September 2017 Chicago Fed National Activity Index
Submitted by Atlas Indicators Investment Advisors on October 25th, 2017Economic output improved in September according to the Chicago Fed National Activity Index. Results from this comprehensive study of the economy jumped to 0.17 from the downwardly revised count of minus 0.37 (originally minus 0.31) in August. Despite the monthly turnaround, the three-month moving average stayed below zero and matched the prior period’s revised tally of minus 0.16 (originally minus 0.04), suggesting America’s output is growing beneath its recent trend.
All four major categories improved, even if a few remained negative. Production-related indicators increased to 0.10 in September from minus 0.33 a month earlier. Sales, orders, and inventories also made a positive contribution, edging up to 0.07 from 0.06 in August. Despite weak payroll figures from the Bureau of Labor Statistics in September, employment-related indicators moved up to 0.05 from 0.01. The contribution of the personal consumption and housing segment of the economy increased despite remaining negative, rising to minus 0.07 from minus 0.11 in the prior period.

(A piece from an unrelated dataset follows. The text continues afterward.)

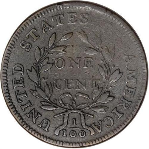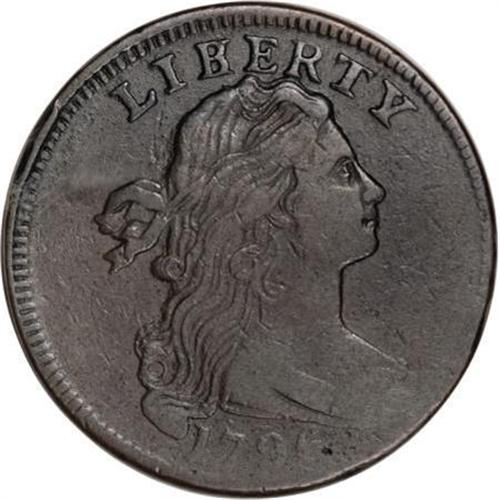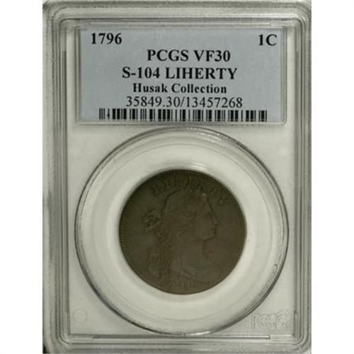 <B>1796 1C LIHERTY. VF30 PCGS. S-104, B-45, R.3. </B></I> <B>Noyes VG10; CC-15. Photo #26850. Our EAC Grade Fine 12.<BR><BR>Equivalents.</B></I> Proskey 15; Doughty 85; Gilbert 10; McGirk 9A; Ross 9G; Clapp-Newcomb 9; EAC 45; <I>Encyclopedia</B></I> 1698; PCGS #1413.<BR><B><BR>Variety. </B></I>LIHERTY. Reverse of 1797. Final A joins right ribbon. The obverse appears on S-103 and S-104. The reverse appears on S-104 and 105.<BR><B><BR>Surfaces. </B></I>Lovely olive-brown surfaces with a narrow rim bruise at 10 o'clock on the obverse. Unevenly struck with the lower right obverse and upper right reverse weakly defined, the drapery and OF showing little detail.<BR><BR><B>Die State III.</B></I> The reverse is cracked from the border to the top of the second T in STATES, and faintly to the left top of M.<BR><BR><B>Appearances. </B></I>The obverse and reverse are illustrated in Noyes (2007).<BR><BR><B>Census.</B></I> Although the S-104 ranks among the most common 1796 Draped Bust varieties, it is unknown better than XF, according to Bland, or VF according to Noyes. Bland grades the two finest pieces XF45, and Noyes grades his best two as just VF35. Two of the top six examples are in the ANS Collection, and another is in the Carnegie Institute. Sheldon graded the finest piece AU50 in both editions of his reference.<BR><BR><B>Commentary.</B></I> The status of S-104 as the "common" LIHERTY means it is the variety that most collectors choose when seeking a single piece to represent the blundered die. At one time, the S-103 combination was considered a much higher rarity, but more of those have been found in recent years.<BR><BR><B>Provenance.</B></I> <I>Jules Reiver (Heritage, 1/2006), lot 19287.</B></I><BR><BR><B>Personality.</B></I> A silversmith by trade, <B>Joseph Richardson</B></I> was appointed assayer of the Mint on December 12, 1795, after the death of Albion Cox. He was a distinguished member of an old Quaker family in Philadelphia who was noted for his ability, character, credit, and honor. He held the office for 35 years until his death in March 1831, and was succeeded by his son, John, who developed a dislike for the post and held the position for only about one year.<BR><BR><b>Shipping:</b> Coins & Currency (<a target="_blank" href="http://www.heritageauctions.com/common/shipping.php">view shipping information</a>)

This measure of the economy has 85 components, and the results are always mixed. This time, 46 of the 85 individual indicators made positive contributions, while 39 were negative. Fifty-four indicators improved in September, and 30 deteriorated. Of the improving indicators, 17 still made negative contributions.
Data contained in the CFNAI report suggest our economy continues along its shallow trajectory. While the economy is not showing signs of recession, it is far from white-hot as well. America’s muddle-along circumstances, the hallmark of the current economic expansion, remain the most likely outcome for the next several months and quarters ahead.